Dans le cadre de ses Études économiques et financières, le FMI publie des rapports semestriels sur les Perspectives économiques régionales, qui analysent plus en profondeur les évolutions de l’économie et les principaux problèmes de politique économique dans cinq grandes parties du monde: l’Afrique subsaharienne, l’Asie et le Pacifique, l’Europe, l’Hémisphère occidental, et le Moyen-Orient et l’Asie centrale. La publication de ces rapports est généralement prévue de manière à coïncider avec des campagnes de communication conduites dans chaque région. On trouvera sur le site Internet du FMI le texte intégral de tous les rapports, les communiqués de presse qui en résument les conclusions ainsi que la transcription et des enregistrements vidéo des conférences de presse organisées au moment de leur publication88.

Bureaux régionaux

Le FMI a ouvert des bureaux restreints dans plusieurs pays du monde. Outre les Centres régionaux d’assistance technique et les Instituts de formation (voir le chapitre 4), il a des représentants résidents dans un grand nombre de pays membres, ainsi que des bureaux régionaux en Europe et à Tokyo.
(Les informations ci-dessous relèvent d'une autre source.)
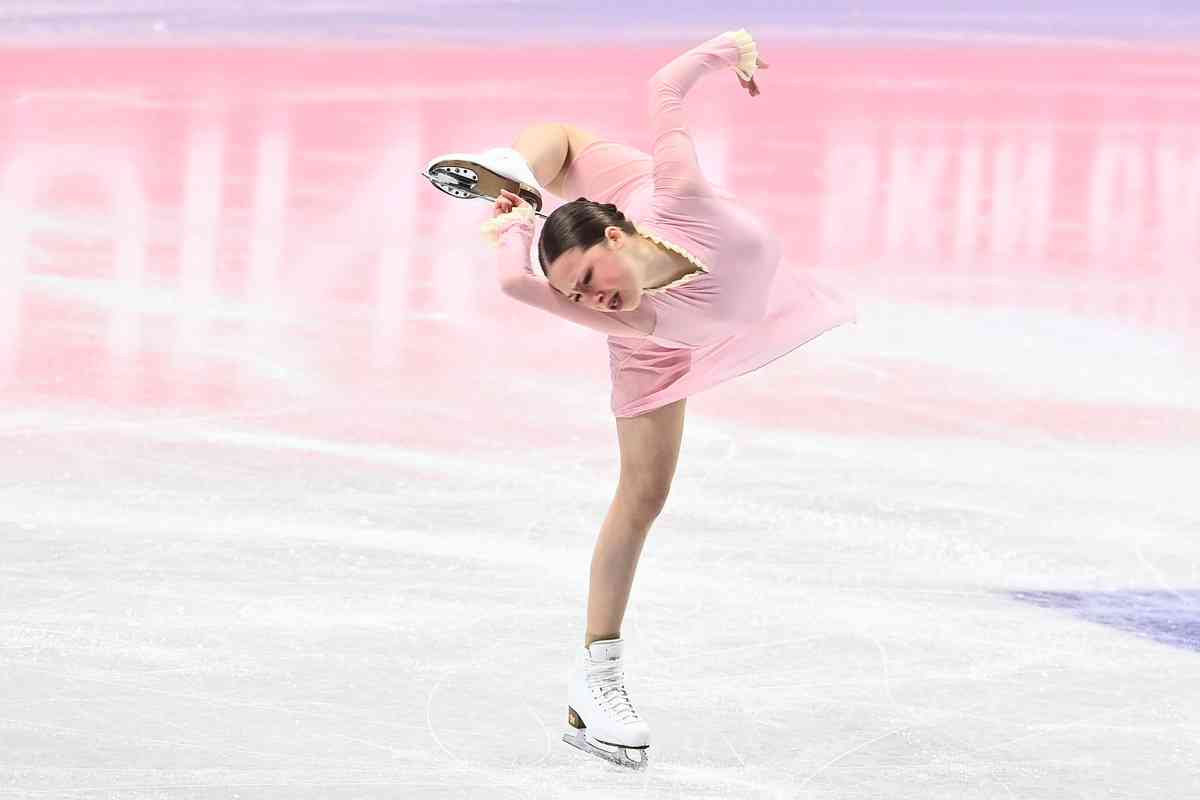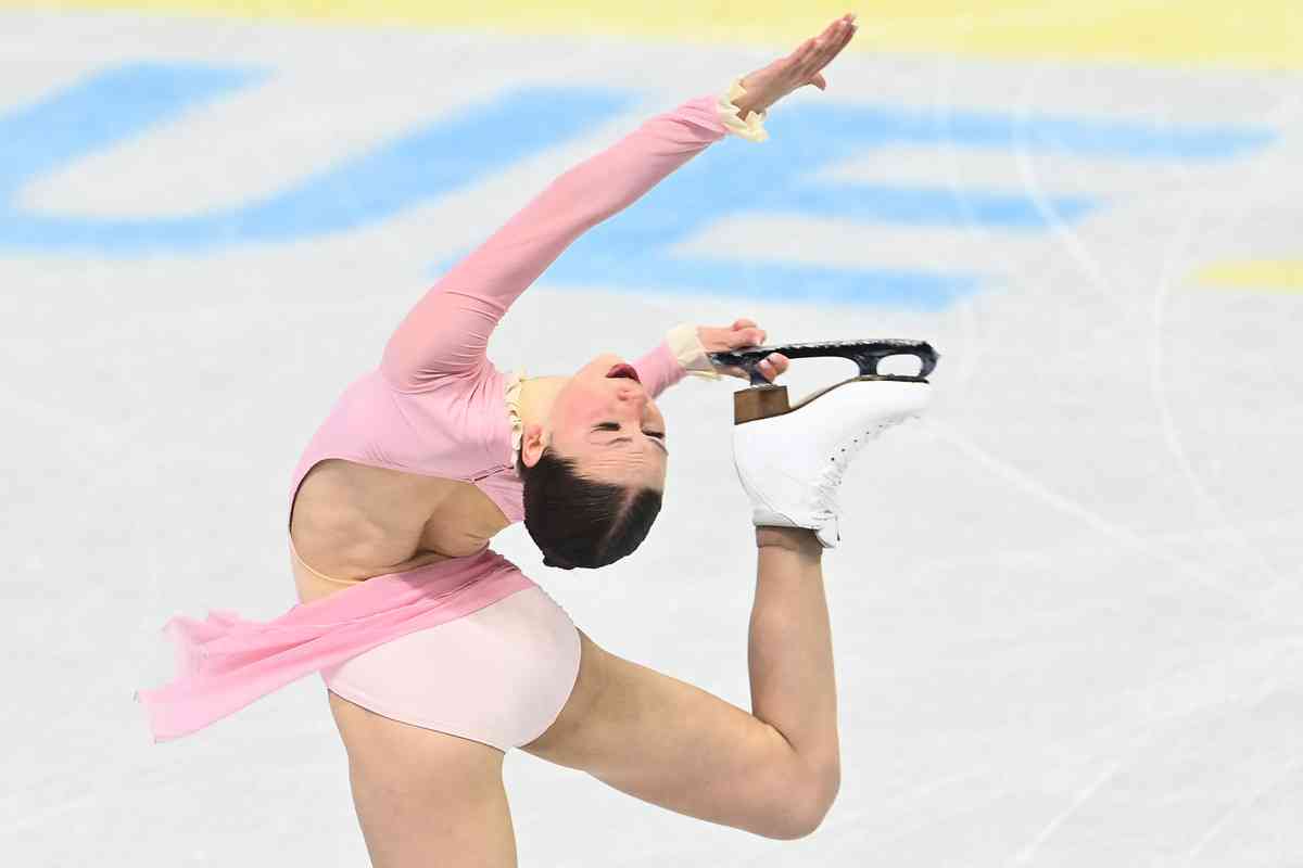 2026年3月27日,在捷克布拉格O2體育館,比利時選手平扎羅內參加女子單人滑自由滑決賽。(Michal Cizek/AFP via Getty Images)

Les bureaux du FMI en Europe représentent le Fonds dans la région; ils conseillent au besoin la direction et les départements, apportent un appui aux opérations du FMI en Europe et transmettent les positions européennes sur les dossiers intéressant le FMI. Les institutions basées en Europe, à savoir l’Organisation de coopération et de développement économiques (OCDE), l’Union européenne (UE), le Conseil de stabilité financière et la Banque des règlements internationaux (BRI), jouent un rôle crucial dans la riposte à la crise économique et financière. Il est donc primordial de renforcer la coordination entre le FMI et ces institutions. Les activités des bureaux du FMI en Europe concernent essentiellement quatre grands domaines. Premièrement, ils contribuent à la surveillance multilatérale et régionale exercée par le FMI en représentant celui-ci dans diverses institutions et en lui faisant rapport sur les positions et les activités des organisations internationales, laboratoires de réflexion et experts influents basés en Europe, et en participant aux consultations du FMI avec les institutions de l’UE. Deuxièmement, ils représentent le FMI pour les activités ordinaires du Comité d’aide au développement de l’OCDE et ont établi des relations de travail étroites avec les agences de développement bilatérales et multilatérales en Europe. Troisièmement, ils mènent de vastes campagnes d’information pour mieux éclairer le débat et diffuser les idées du FMI sur les principales questions de politique économique en Europe. Quatrièmement, les bureaux du FMI en Europe travaillent avec le Département des ressources humaines pour l’aider à atteindre les objectifs de recrutement de l’institution.

En tant que fenêtre du FMI sur la région Asie et Pacifique, dont l’importance dans l’économie mondiale ne cesse de croître, le Bureau régional Asie et Pacifique aide à suivre les développements économiques et financiers, ce qui permet de donner une perspective plus régionale à la surveillance exercée par le FMI. Ce bureau a pour mission de promouvoir une meilleure compréhension du FMI et de ses politiques dans la région ainsi que de tenir le FMI informé des points de vue régionaux sur les grands dossiers. À ce titre, le bureau coordonne les relations du FMI avec les instances régionales, notamment le Conseil de coopération économique Asie-Pacifique (APEC), l’Association des nations de l’Asie du Sud-Est (ASEAN) et l’ASEAN+3. Il organise aussi des conférences et des manifestations qui permettent des échanges de vues sur des dossiers d’actualité qui sont au cœur des activités du FMI et de promouvoir le renforcement des capacités dans la région par le biais du programme de bourses d’études FMI—Japon et de programmes de séminaires macroéconomiques.